### DATA SHOWN
┌────────
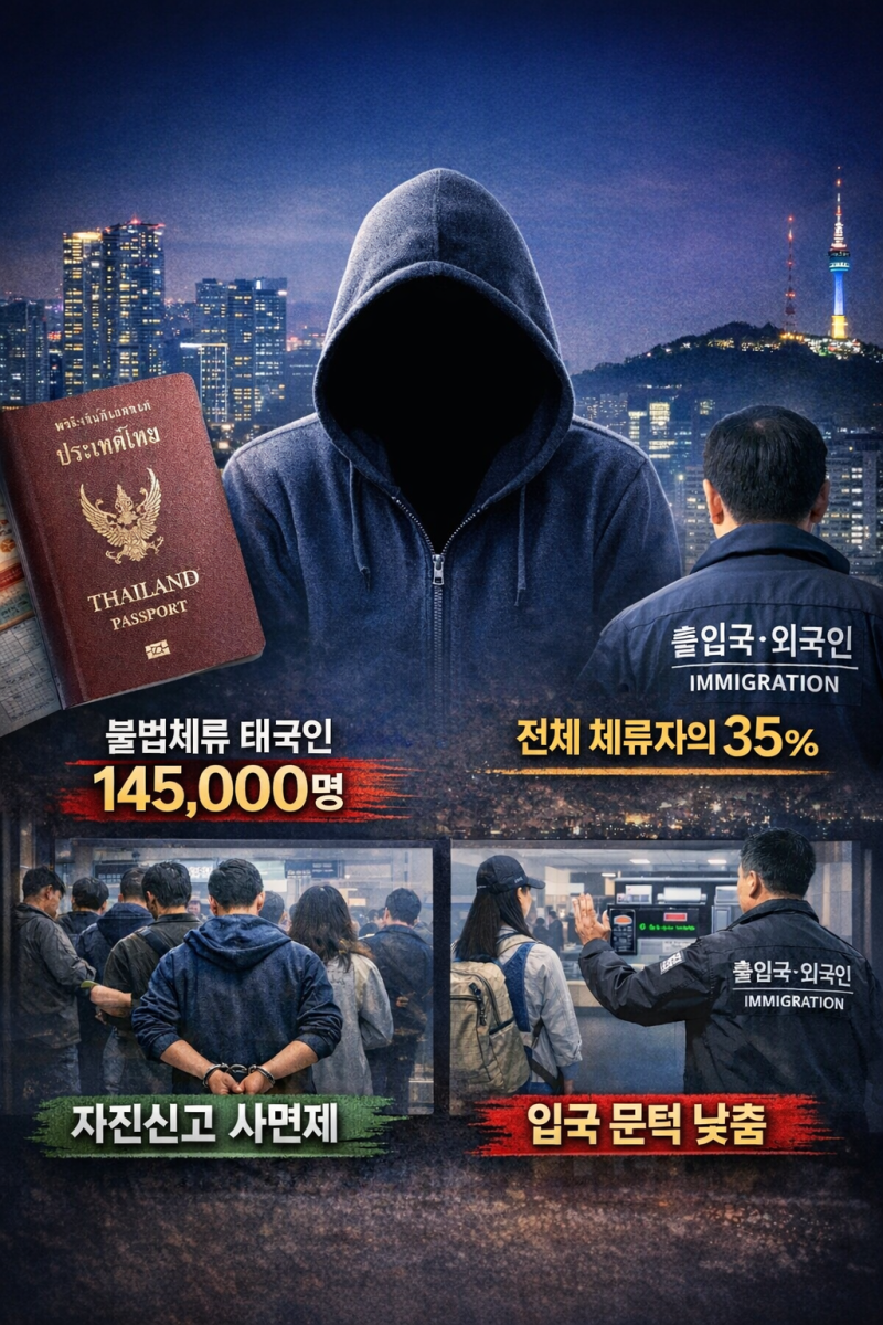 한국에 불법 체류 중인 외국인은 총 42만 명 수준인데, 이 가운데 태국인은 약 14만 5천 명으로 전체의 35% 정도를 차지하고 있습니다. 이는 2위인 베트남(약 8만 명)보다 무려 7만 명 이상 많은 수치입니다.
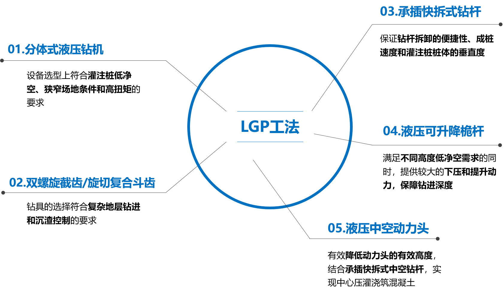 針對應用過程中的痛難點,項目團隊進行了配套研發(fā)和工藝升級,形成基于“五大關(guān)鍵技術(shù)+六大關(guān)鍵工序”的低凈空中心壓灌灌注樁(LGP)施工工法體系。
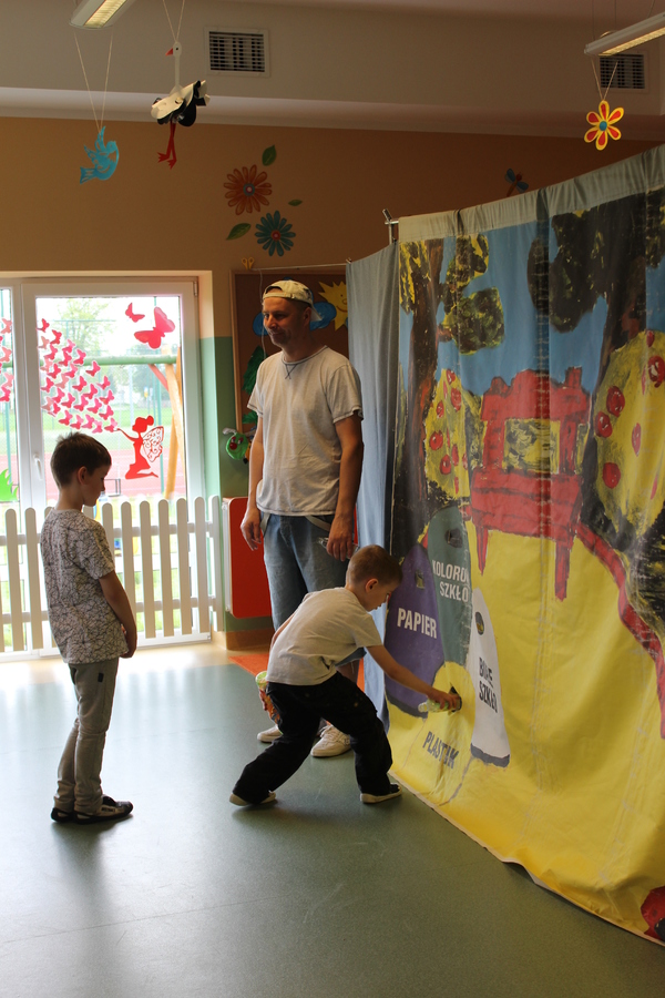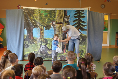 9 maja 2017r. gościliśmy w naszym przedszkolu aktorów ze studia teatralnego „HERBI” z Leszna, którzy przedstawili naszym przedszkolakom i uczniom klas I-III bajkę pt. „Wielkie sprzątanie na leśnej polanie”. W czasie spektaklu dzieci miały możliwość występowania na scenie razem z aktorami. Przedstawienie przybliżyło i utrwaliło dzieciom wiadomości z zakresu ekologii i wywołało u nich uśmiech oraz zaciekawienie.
└────────
### DESCRIPTION OF THE TASK
With the pictures left out, write out all of the data exactly.

### ANSWER BOX
 한국에 불법 체류 중인 외국인은 총 42만 명 수준인데, 이 가운데 태국인은 약 14만 5천 명으로 전체의 35% 정도를 차지하고 있습니다. 이는 2위인 베트남(약 8만 명)보다 무려 7만 명 이상 많은 수치입니다.
 針對應用過程中的痛難點,項目團隊進行了配套研發(fā)和工藝升級,形成基于“五大關(guān)鍵技術(shù)+六大關(guān)鍵工序”的低凈空中心壓灌灌注樁(LGP)施工工法體系。
 9 maja 2017r. gościliśmy w naszym przedszkolu aktorów ze studia teatralnego „HERBI” z Leszna, którzy przedstawili naszym przedszkolakom i uczniom klas I-III bajkę pt. „Wielkie sprzątanie na leśnej polanie”. W czasie spektaklu dzieci miały możliwość występowania na scenie razem z aktorami. Przedstawienie przybliżyło i utrwaliło dzieciom wiadomości z zakresu ekologii i wywołało u nich uśmiech oraz zaciekawienie.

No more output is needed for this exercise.